_What is being asked_:
From the first line of the material through the line that holds "Figura 1 - Mudança", repeat each line exactly and skip any picture.

.....

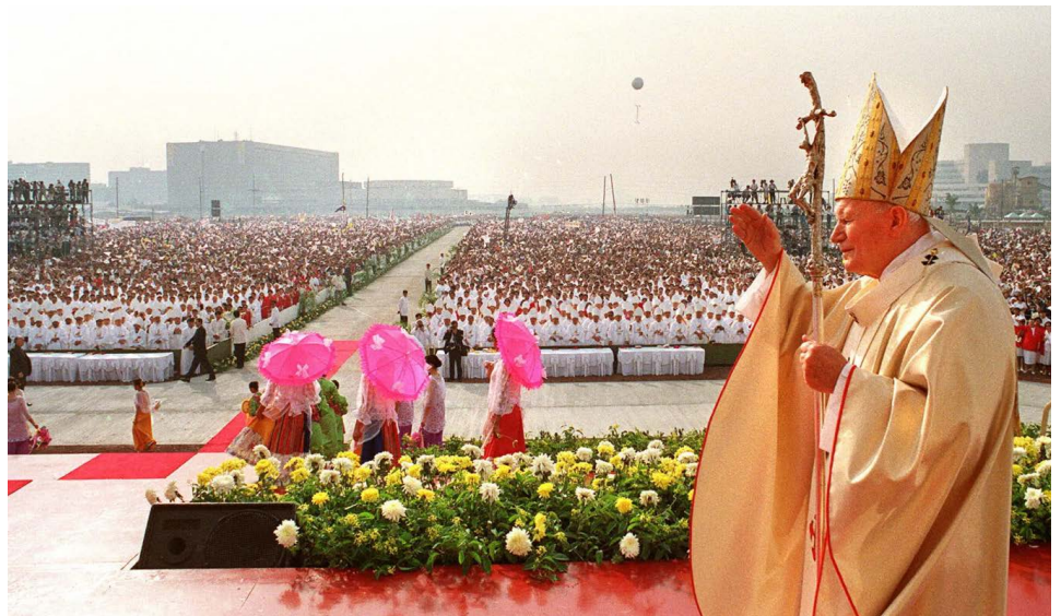
Manila, 1995 Hasło: Jak Ojciec mnie posłał, tak i Ja was posyłam (J 20, 21), 4 miliony uczestników

Początkowo obchody ŚDM, na szczeblu światowym, trwały zaledwie kilkanaście godzin i obejmowały wieczorne czuwanie modlitewne z Papieżem w sobotę oraz Mszę Św. pod jego przewodnictwem w niedzielny poranek. Młodzież gromadziła się przy krzyżu, ofiarowanym przez Jana Pawła II, któremu od 2003r. - z woli Papieża - towarzyszy kopia ikony Matki Bożej Salus Populi Romani (Ocalenie
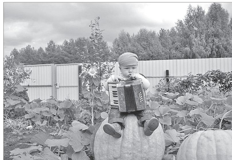
Отдыхать или работать?

▶ Дачный бум девяностых годов совпал в России с волной эмиграции. Некоторые наши соотечественники обосновались в Германии. Немецкое правительство крайне внимательно относится к тому, как эмиграция изменяет специфику общества. В середине девяностых был принят закон, согласно которому семья в пенсионном возрасте имеет приоритетное право на аренду дачного участка, который немцы называют «кляйнгартен», что переводится как «маленький сад». Если в договоре отмечается, то этот самый сад предназначен для выращивания сельхозпродукции, арендная плата существенно снижается. По прошествии 20 лет немецкие социологи провели исследования и обнаружили, что те немцы, которые регулярно арендовали дачу и работали на ней, жили на 10 — 15 лет дольше, чем те, кто предпочитал оставаться в квартире. А значит, что-то важное в дачном образе жизни все-таки есть. При всех минусах, поджидающих дачников на лоне природы.
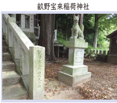
畝野宝来稻荷神社
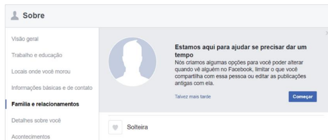
Figura 1 - Mudança no status do relacionamento
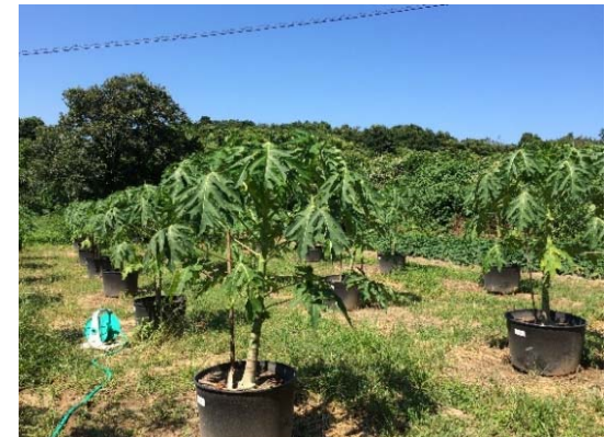
青パパイヤ栽培でCO2吸収と特産品開発
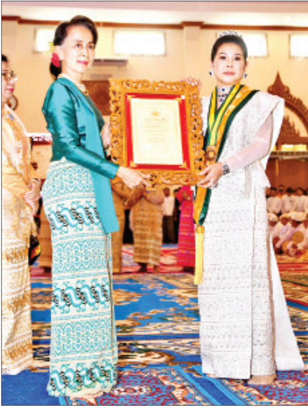
နိုင်ငံတော်၏အတိုင်ပင်ခံပုဂ္ဂိုလ် ဒေါ်အောင်ဆန်းစုကြည် အဂ္ဂမဟာ သီရိသုဓမ္မသီရိဘွဲ့တံဆိပ်ရ ဒေါ်တင်လတ်မင်းအား ဘွဲ့တံဆိပ်နှင့် အဆောင်အယောင်များ ပေးအပ်ချီးမြှင့်စဉ်။
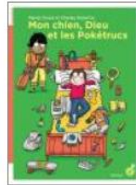
Mon chien, Dieu et les Pokétrucs
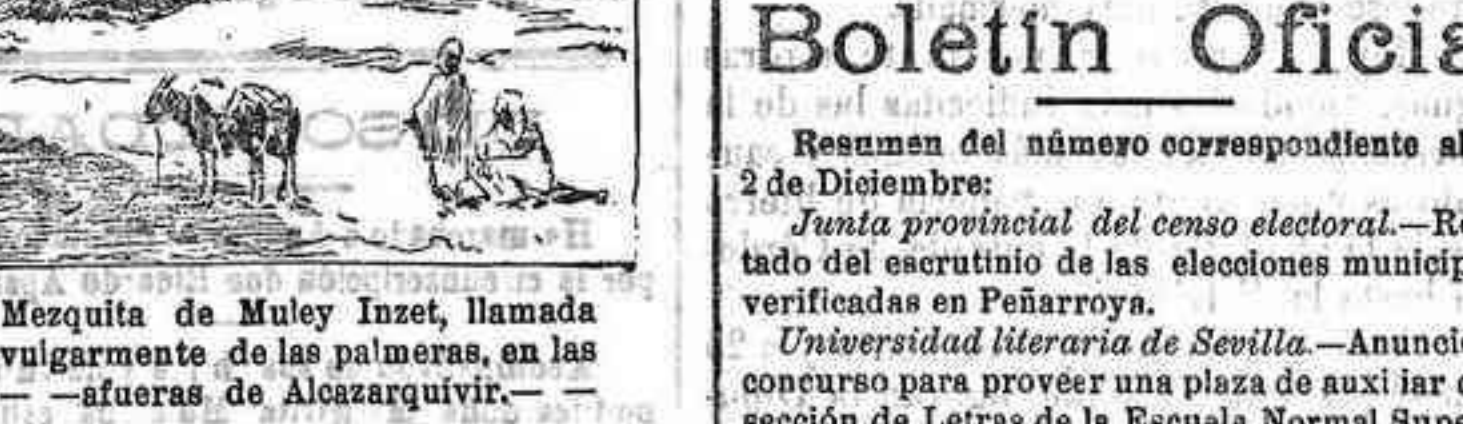
Mezquita de Muley Inzet, llamada vulgarmente de las palmeras, en las afueras de Alcazarquivir.

Otaciones del día 5 Efictos públicos españoles.—4 por 100 perpetuo interior, 78.75 pesetas.—5 por 100 amortizable, 98.55.—Cédulas hipotecarias 4 por 100 96.65. Valores de Sociedades nacionales.—Banco de España 454.00.—Compañía Arrendataria de Tabacos 296.00.—Banco Hipotecario 000. Valores locales.—Sociedad Eléctrica de Cañillas, 100.—Acciones de la Plaza de Toros, 1.500. Cambios sobre el extranjero.—París a la vista, 6.55.—Londres a la vista, 26.97. Metales preciosos.—Oreos antiguos, 7.55.—Id. nuevos 5.55.—Oreos antiguos, 6.55.—Idem nueva, 5.55.
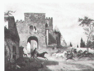
Ludwig Max Pratorius: Die Porta S. Paolo und die Cestiuspyramide in Rom, 1847

Ludwig Max Pratorius – Reisen nach Rom 1844–1856 bis 15.5.
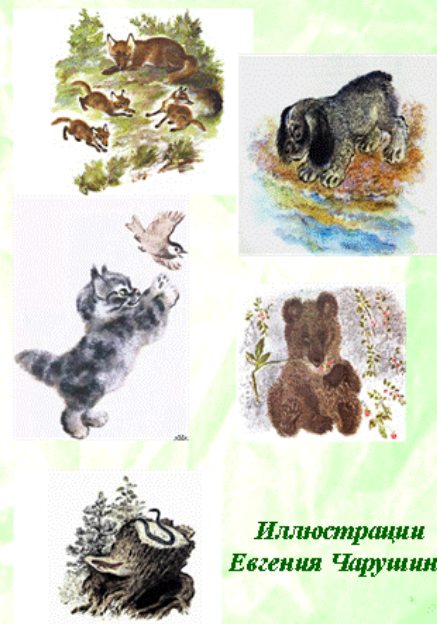
Иллюстрации Евгения Чарушина

Художника, который рисует животных, называют анималист. Чарушин делал иллюстрации к книгам и первой такой была «Мурзик», которую написал Виталий Бианки. Он много рисовал к книгам других писателей, которые рассказывали про животных – это Пришвин, Маршак, Бианки, Ушинский и многие другие. Один из его рисунков попал в Третьяковскую галерею.
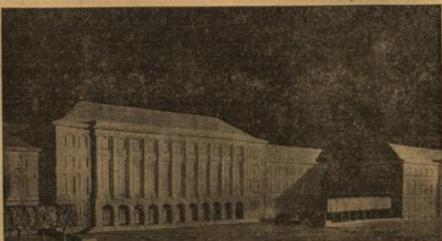
Das Modell des Verwaltungsgebäudes vom Deutschen Gemeindetage.

Auch die Denkmäler der Siegesallee werden ihren Standort wechseln; denn die jetzige Siegesallee wird als Teil der Nord-Süd-Straße erheblich vergrößert. Ein Zurückgehen in die neue Siegesallee darf getrennt sind, noch weniger räumlich zusammenwirken lassen und damit den früheren parfürtigen Charakter der Allee endgültig verlieren. Es ist daher für die Denkmäler ein Parterreweg des Tiergartens gewählt worden, der sowohl von jedem Fahrverkehr frei ist und bleibt als auch auf dem Großen Stern auflieft und diesem damit eine noch größere Bedeutung als Ehrenplatz des Zweiten Reiches verleiht. Die Große-Stern-Allee, der von Südbahnhof zum Rundplatz der Siegesallee führende Weg, soll die neue Siegesallee werden. Hier werden die Denkmäler der Siegesallee weiter in jenseitiger räumlicher Verbindung mit der Siegesallee bleiben. Da sowohl die Siegesallee als auch die Siegessäule zusammen mit den anderen Denkmälern des Königsplatzes historische Baudokumente des Zweiten Reiches darstellen, besteht für uns die Verpflichtung, diese Denkmäler für die Zukunft zu erhalten. Dabei ist es gleichgültig, ob der Wert der Denkmäler im einzelnen heute fast unzutreffend ist. Aus dem gleichen Grunde werden auch die Torbauten der Charlottenburger Brücke, die beim Bau der Ost-West-Achse vorübergehend abgetragen werden müssen, als Bausagen einer historischen Vergangenheit wiedererrichtet.
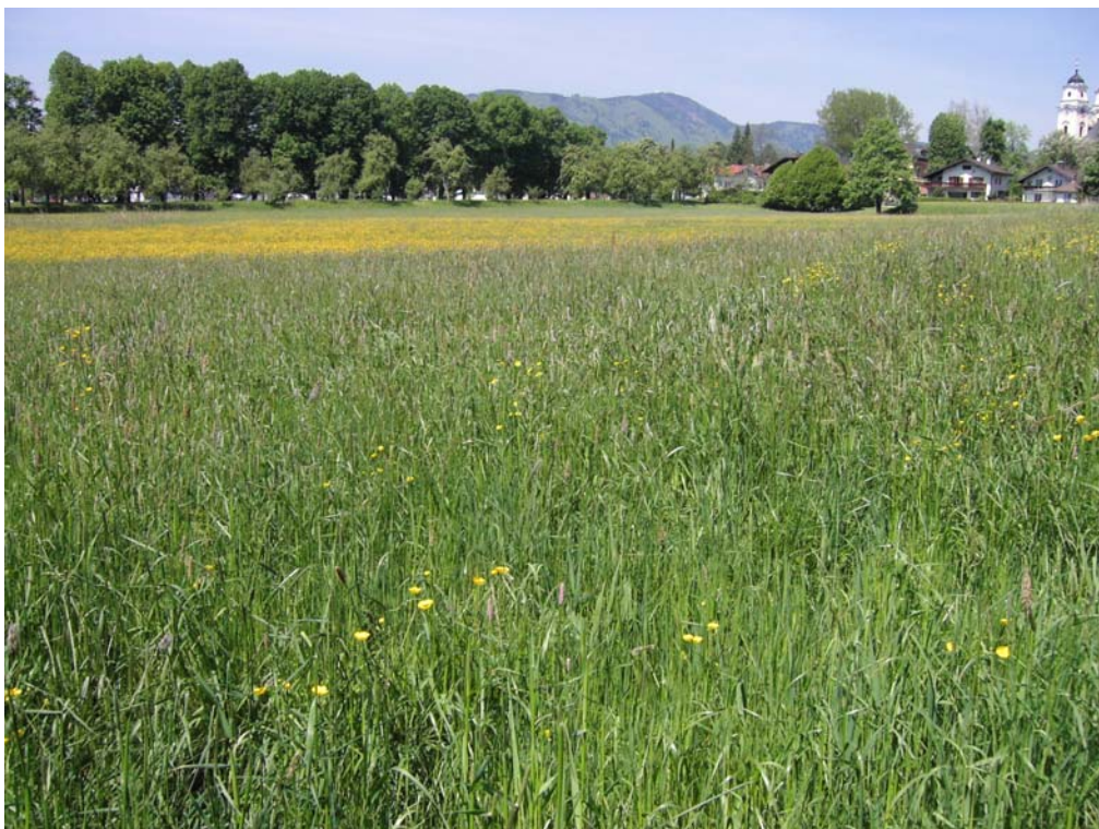
Abb. 12: Fettwiesen-Aspekt eine ehemaligen Streuwiese.
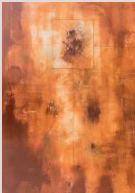
El viatge de l'ànima (Acrílic i llapis de color sobre llenç, 70x70cm)
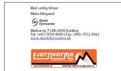
Eksempel på autosignatur.

hvad en række kendte danskere fortæller om fjernvarmen. Der er også en fotokonkurrence, hvor alle kan deltage. Det aktuelle tema er hjertevarme, og mange danskere har allerede indsendt deres billeder. De kan nu ses på kampagnesitet.
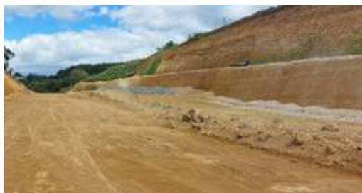
Segunda calzada Real Palacé, Popayán
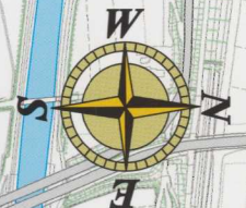
城北高等学校 かぎ保管庫
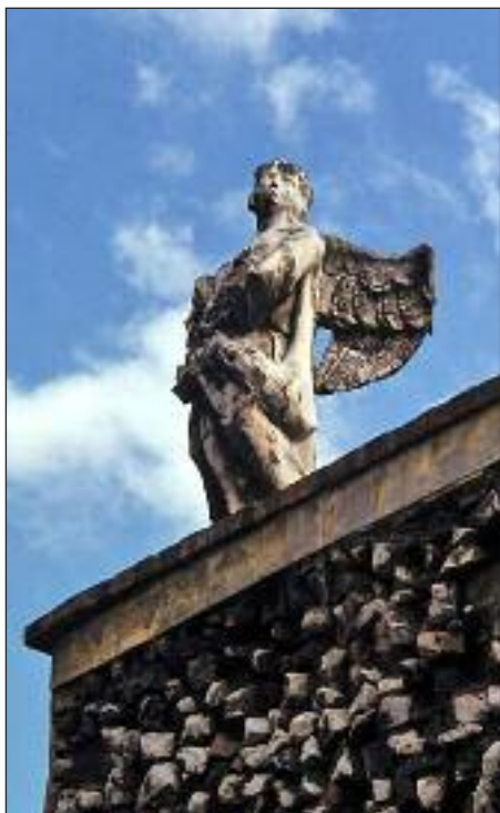
Csúf Angyal - szobor Erdélyben

Bujkáló dalt játszik a nap, s ősz piktora erőre kap. Színeket fest tájtáblára, harmatgyöngyöt fű szálára. Mennyek kékjét ég boltjára, szürke subát kis bojtárra. Légben szálló pillangókat, tova úszó szép hattyúkat. Erdők örök leheletét, holdsugárfény üzenetét. Csillagzáró ezüst nyilát hajnal hasad: s ébred a világ.
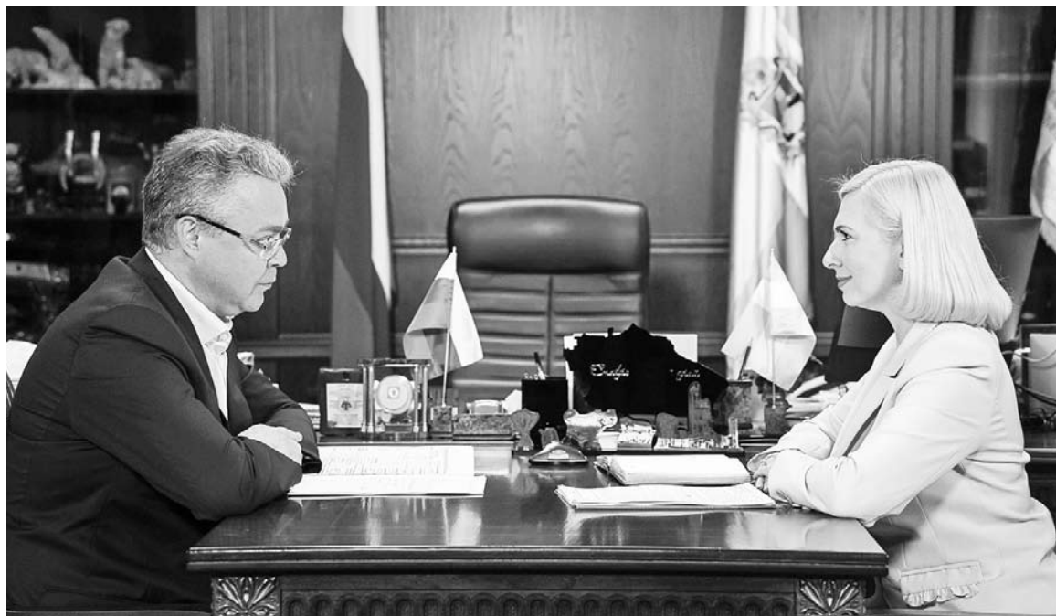
Губернатор В.Владимиров поставил задачу обеспечить доступность очного обучения в центре «Сириус» для детей из всех территорий края
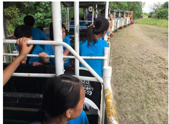
坐小火車聽糖廠的歷史
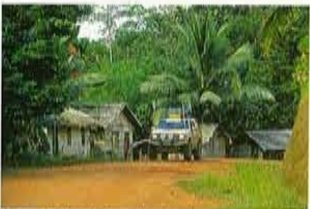
Eén van de twaalf Isuzu Invaders in een dorpje in Zuid-Kalimantan

.....

_Answer_:
Manila, 1995 Hasło: Jak Ojciec mnie posłał, tak i Ja was posyłam (J 20, 21), 4 miliony uczestników

Początkowo obchody ŚDM, na szczeblu światowym, trwały zaledwie kilkanaście godzin i obejmowały wieczorne czuwanie modlitewne z Papieżem w sobotę oraz Mszę Św. pod jego przewodnictwem w niedzielny poranek. Młodzież gromadziła się przy krzyżu, ofiarowanym przez Jana Pawła II, któremu od 2003r. - z woli Papieża - towarzyszy kopia ikony Matki Bożej Salus Populi Romani (Ocalenie
Отдыхать или работать?

▶ Дачный бум девяностых годов совпал в России с волной эмиграции. Некоторые наши соотечественники обосновались в Германии. Немецкое правительство крайне внимательно относится к тому, как эмиграция изменяет специфику общества. В середине девяностых был принят закон, согласно которому семья в пенсионном возрасте имеет приоритетное право на аренду дачного участка, который немцы называют «кляйнгартен», что переводится как «маленький сад». Если в договоре отмечается, то этот самый сад предназначен для выращивания сельхозпродукции, арендная плата существенно снижается. По прошествии 20 лет немецкие социологи провели исследования и обнаружили, что те немцы, которые регулярно арендовали дачу и работали на ней, жили на 10 — 15 лет дольше, чем те, кто предпочитал оставаться в квартире. А значит, что-то важное в дачном образе жизни все-таки есть. При всех минусах, поджидающих дачников на лоне природы.
畝野宝来稻荷神社
Figura 1 - Mudança no status do relacionamento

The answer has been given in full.